August 2019

2 minute read time.

36yr old male, partner and 2 young daughters, working in the City as a Finance Director.

Symptoms began in the middle of August, I was at work and experienced a twitch in my right hand while using a mouse that lasted for about 60 seconds. I had previously suffered a shoulder injury several years ago and put it down to that it was playing up and it must be a pinched nerve.

A week later while walking home I had another twitch in the hand but this time it was followed by my right leg also going numb, to the point where I had to stop and stand still for another couple of minutes before the feeling returned and I could carry on walking.

The next day I called the GP as the arm and leg symptoms warranted a check as they shouldn’t be linked. The doctor sent me off to AE for possible mini strokes, I went in Friday before a bank holiday and had to wait till Tuesday on a ward before being able to have any further scans.
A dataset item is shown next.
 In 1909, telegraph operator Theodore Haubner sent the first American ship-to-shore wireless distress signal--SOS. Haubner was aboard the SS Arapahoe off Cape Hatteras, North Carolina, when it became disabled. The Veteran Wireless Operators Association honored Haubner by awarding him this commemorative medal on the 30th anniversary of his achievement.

At this point as a family we went through a complete range of possible conditions as you do while waiting for a diagnosis, to the point where my mother was convinced it was going to be MS! (Google is sometimes not helpful).

Finally, after a week in hospital and numerous CT, MRI (I didn’t find the MRI’s that bad, I just shut my eyes and therefore found it a lot easier to block out the claustrophobia feeling) and ultrasounds and a specialist opinion from Kings College I was given the news that I had a frontal lobe low-grade glioma in my left motor cortex. The twitching/numbness was seizures caused by the tumour that at this point was about 2cm in size.
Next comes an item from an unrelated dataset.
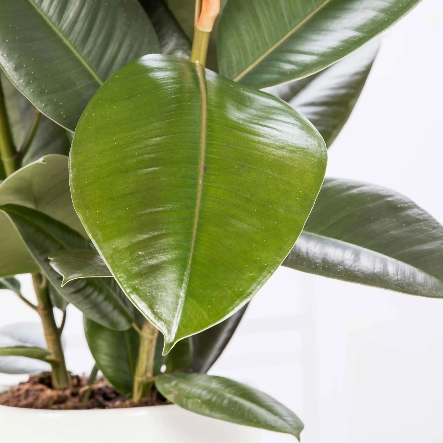Schmücken Sie Ihr Heim oder Büro mit dem Gummibaum, Ficus elastica ‚Abidjan‘. Die schöne Grünpflanze ist ein Klassiker unter den Zimmerpflanzen und wieder voll im Trend. Dank der ovalen und breiten Blätter, die besonders intensiv in tiefem Grün glänzen, sowie aufgrund der roten Farbglut sorgt der Gummibaum für eine stylische Atmosphäre und zieht magisch alle Blicke auf sich. Bei Pflanzen-Kölle gibt es den Gummibaum zu kaufen, der sich an hellen und schattigen Plätzchen ohne direkte Sonneneinstrahlung wohlfühlt und dort besonders gut gedeiht und wächst. Der unter dem botanischen Namen bekannte Ficus elastica ‚Abidjan‘ eignet sich hervorragend für die Raumgestaltung in den eigenen vier Wänden oder in Geschäftsräumen. Die außergewöhnliche Zimmerpflanze sorgt mit ihren eindrucksvollen Blättern für neue und positive Energie, zudem wirkt das satte Grün der Pflanze beruhigend auf Körper und Geist. Für die einfache Pflege sollten Sie die Wurzeln des Gummibaumes gleichmäßig feucht halten und nicht austrocknen lassen sowie alle zwei Wochen frischen Dünger hinzugeben.

I was put on 1000mg daily dose of Keppra to control the seizures, discharged with no further support or information and that Kings would be in touch by the end of September for a review.

To say we were in total shock wouldn’t do the emotions justice, I had gone from a young fit individual (I’d barely even had a day off work in the past 15years, had a resting heart rate of 65 and blood pressure of 120/80) the closest thing I came to being ill was hay fever! To now having a potentially terminal condition and left in limbo “to just get on with it.”